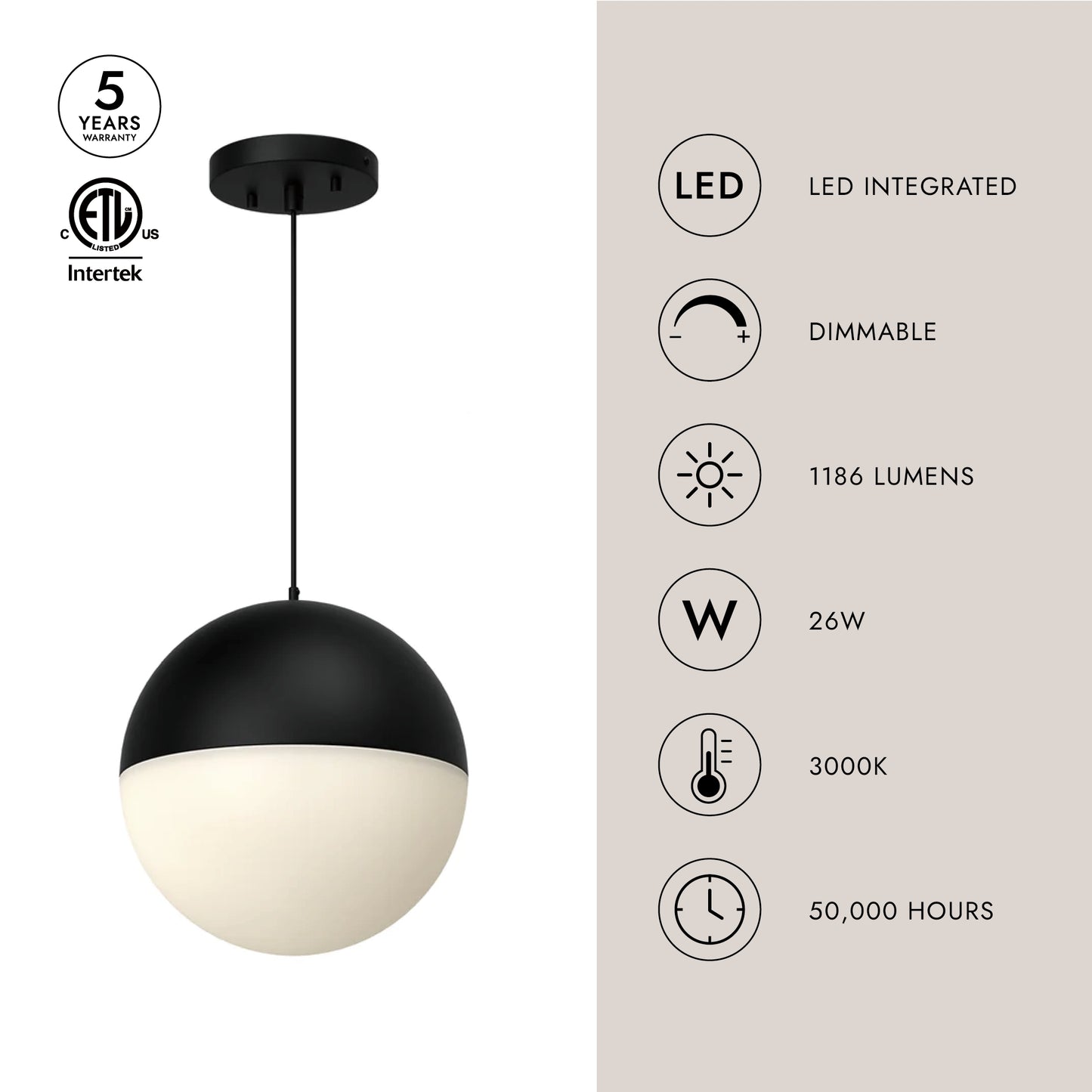 - Integrated LED with 3000K Warm White Color Temperature
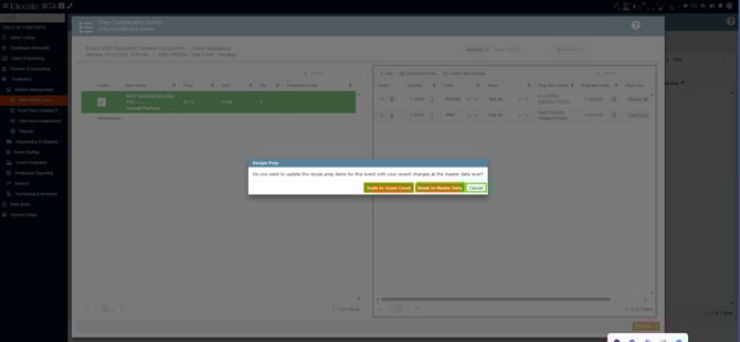- Text: Do you want to scale the recipe prep at the guest count level or reset it to the master data level?
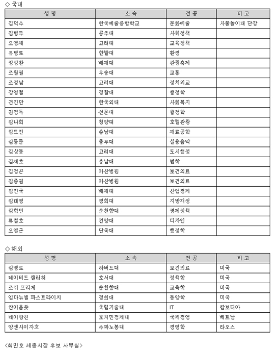 최 후보는 이어 “이 분들 역시 세종시에 대한 애정과 열정이 각별하신 분들인 만큼 세종시장에 당선된 후에도 세종시 권역별 특성화 프로젝트 및 광역경제권발전계획 수립 등 세종시 발전을 위한 정책 수립에도 이 분들의 전문성과 경험은 큰 힘이 될 것으로 믿는다”고 덧붙였다.
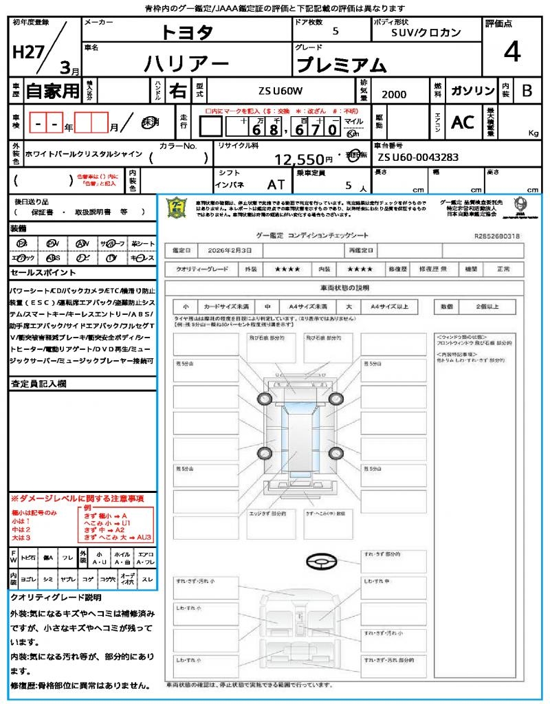 | VIN/Serial No. | ZSU60-0043283 |

● ● ● ● ● ● ●

> WORK TO COMPLETE:
All of the lines above should be copied exactly, apart from the pictures.

> OUTPUT OF THE EXERCISE:
 - Integrated LED with 3000K Warm White Color Temperature
- Text: Do you want to scale the recipe prep at the guest count level or reset it to the master data level?
 최 후보는 이어 “이 분들 역시 세종시에 대한 애정과 열정이 각별하신 분들인 만큼 세종시장에 당선된 후에도 세종시 권역별 특성화 프로젝트 및 광역경제권발전계획 수립 등 세종시 발전을 위한 정책 수립에도 이 분들의 전문성과 경험은 큰 힘이 될 것으로 믿는다”고 덧붙였다.
 | VIN/Serial No. | ZSU60-0043283 |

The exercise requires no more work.